> [Instructions to follow]: Copy exactly the lines of the material below that fall between the line with "Lyse beige jeans" and the line with "Join us for three", both of those lines included; pictures stay out.

> [Input records]:
---------------

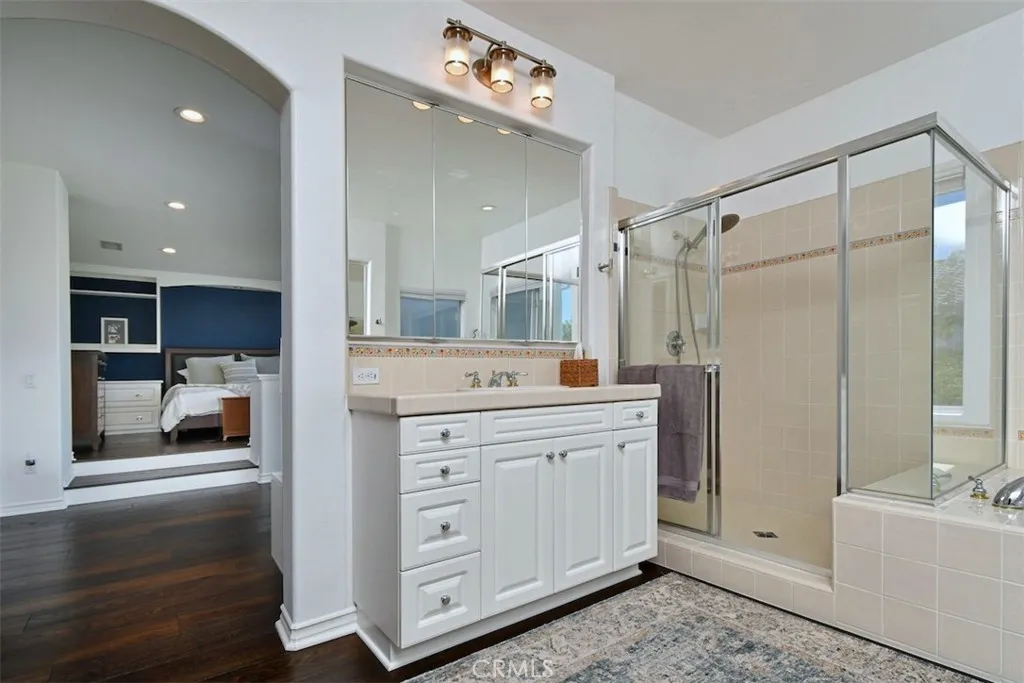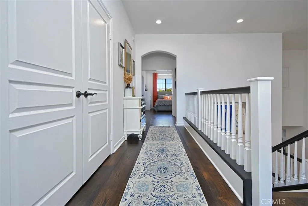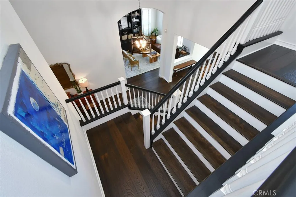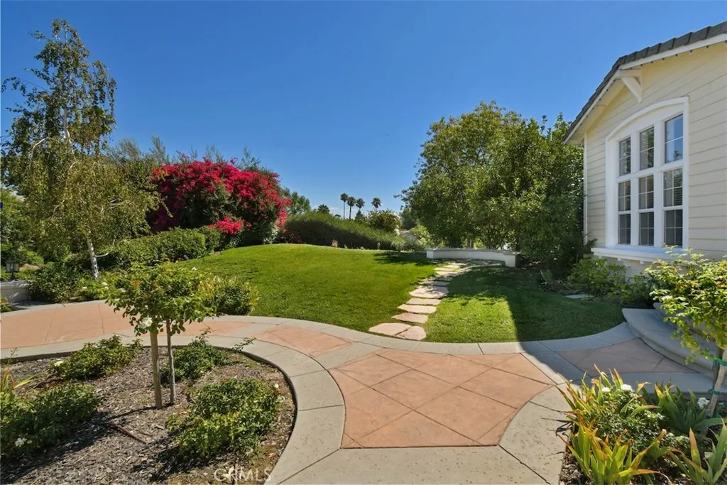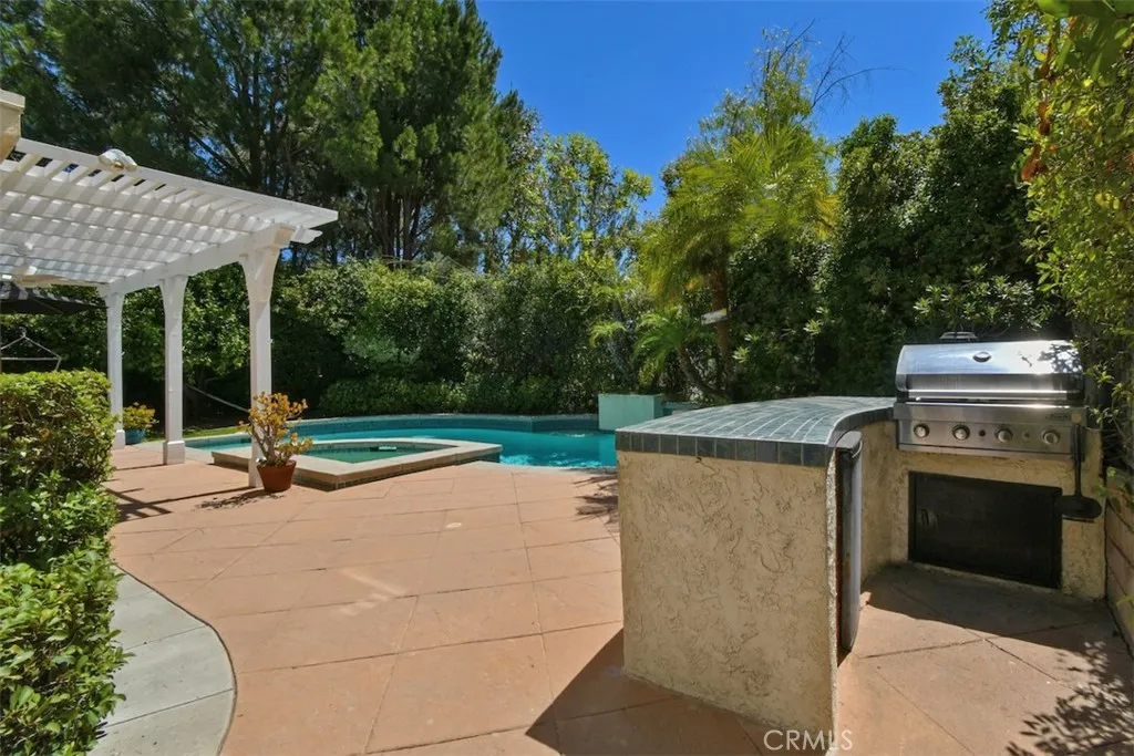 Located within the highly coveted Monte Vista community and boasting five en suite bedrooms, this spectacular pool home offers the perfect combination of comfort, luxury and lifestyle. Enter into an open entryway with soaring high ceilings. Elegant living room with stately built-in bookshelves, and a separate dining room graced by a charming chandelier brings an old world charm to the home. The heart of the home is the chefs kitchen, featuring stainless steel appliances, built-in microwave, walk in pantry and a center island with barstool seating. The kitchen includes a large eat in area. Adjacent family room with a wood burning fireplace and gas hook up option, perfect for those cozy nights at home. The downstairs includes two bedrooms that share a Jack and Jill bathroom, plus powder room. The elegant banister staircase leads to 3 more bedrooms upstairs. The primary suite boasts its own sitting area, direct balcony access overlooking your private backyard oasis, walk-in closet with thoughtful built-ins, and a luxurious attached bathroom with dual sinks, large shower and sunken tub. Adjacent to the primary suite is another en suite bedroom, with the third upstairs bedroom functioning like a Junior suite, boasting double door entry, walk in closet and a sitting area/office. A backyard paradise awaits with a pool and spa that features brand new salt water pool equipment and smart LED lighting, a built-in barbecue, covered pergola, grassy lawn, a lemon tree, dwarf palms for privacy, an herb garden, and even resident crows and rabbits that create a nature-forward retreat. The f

---------------

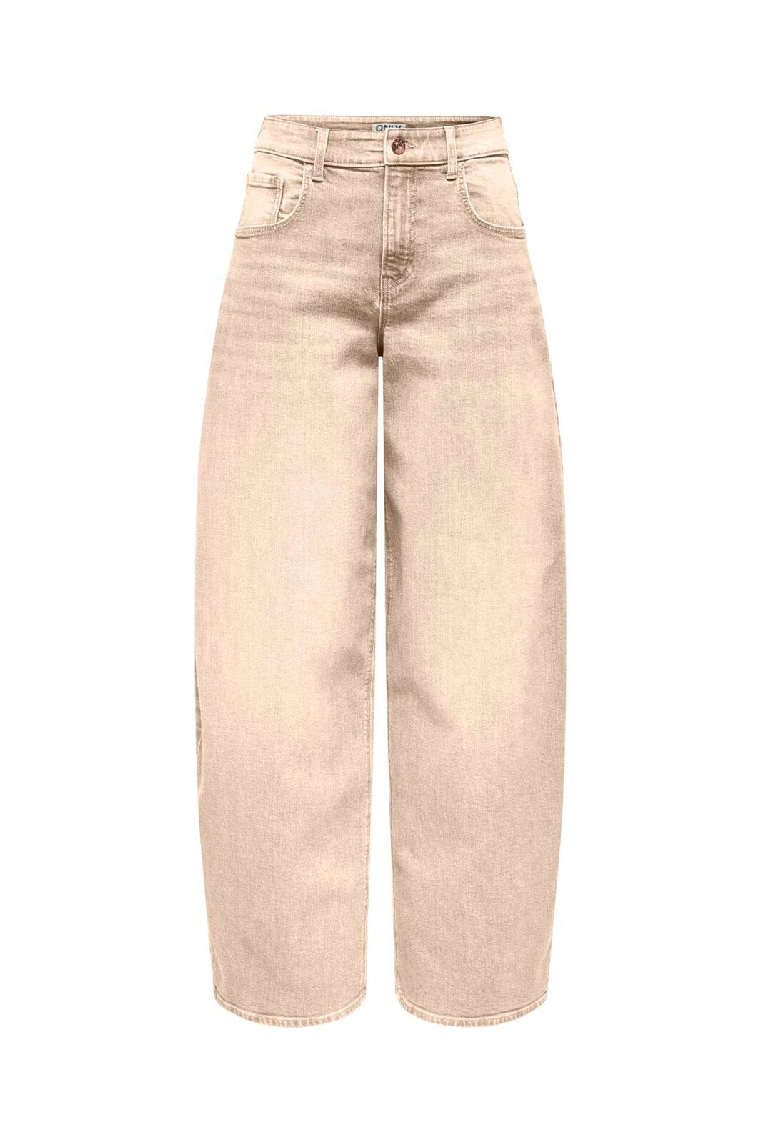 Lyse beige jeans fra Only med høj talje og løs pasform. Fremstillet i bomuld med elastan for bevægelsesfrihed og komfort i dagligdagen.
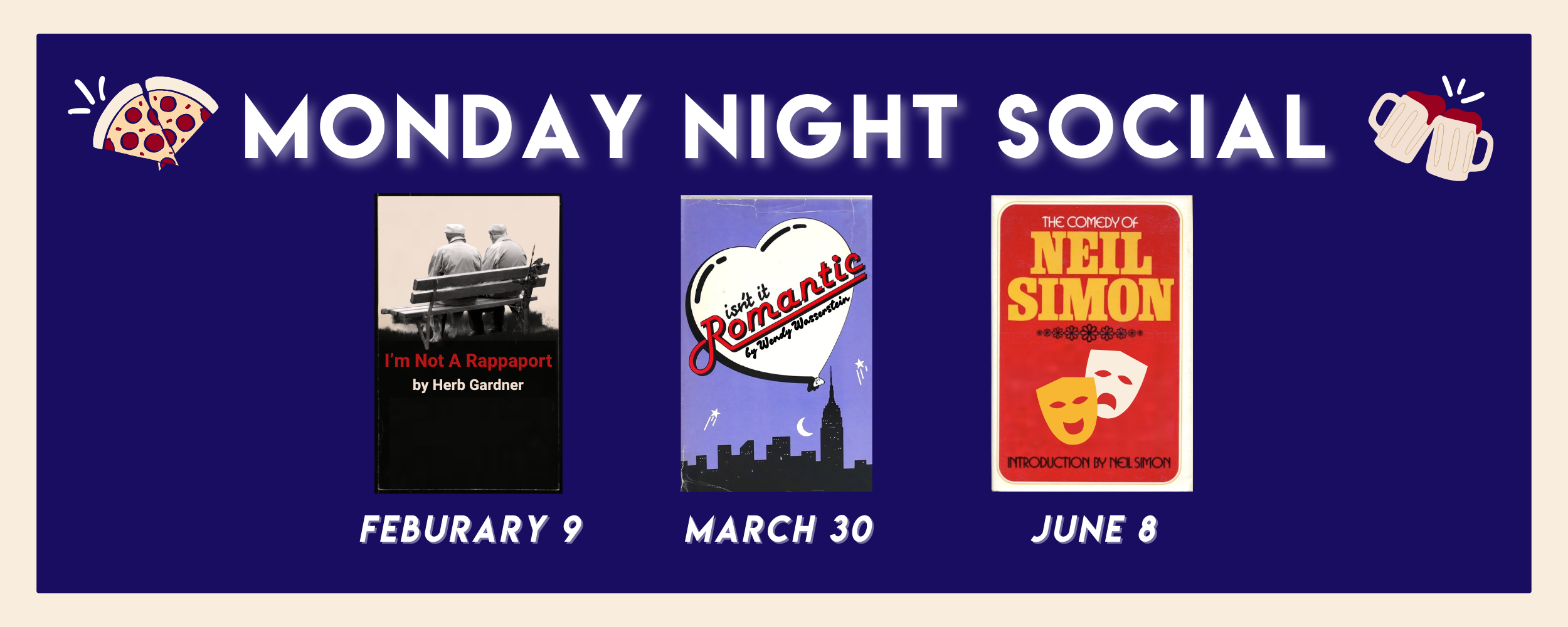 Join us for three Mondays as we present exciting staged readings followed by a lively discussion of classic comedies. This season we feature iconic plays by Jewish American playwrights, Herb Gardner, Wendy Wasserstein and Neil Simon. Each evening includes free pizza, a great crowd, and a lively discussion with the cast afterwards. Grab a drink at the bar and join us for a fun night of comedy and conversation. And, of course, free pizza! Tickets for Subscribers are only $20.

---------------

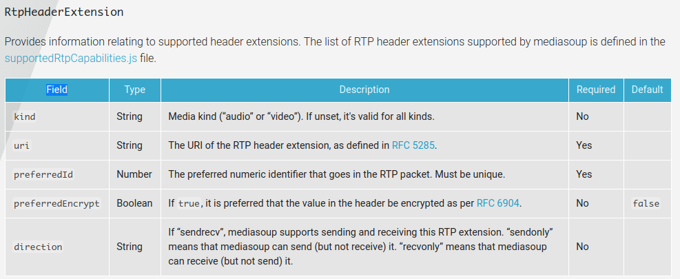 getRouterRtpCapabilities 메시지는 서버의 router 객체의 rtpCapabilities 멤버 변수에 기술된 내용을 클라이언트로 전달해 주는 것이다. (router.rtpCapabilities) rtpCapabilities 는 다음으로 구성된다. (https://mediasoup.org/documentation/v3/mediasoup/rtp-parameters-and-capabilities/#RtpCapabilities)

---------------

> [Answer section]:
 Lyse beige jeans fra Only med høj talje og løs pasform. Fremstillet i bomuld med elastan for bevægelsesfrihed og komfort i dagligdagen.
 Join us for three Mondays as we present exciting staged readings followed by a lively discussion of classic comedies. This season we feature iconic plays by Jewish American playwrights, Herb Gardner, Wendy Wasserstein and Neil Simon. Each evening includes free pizza, a great crowd, and a lively discussion with the cast afterwards. Grab a drink at the bar and join us for a fun night of comedy and conversation. And, of course, free pizza! Tickets for Subscribers are only $20.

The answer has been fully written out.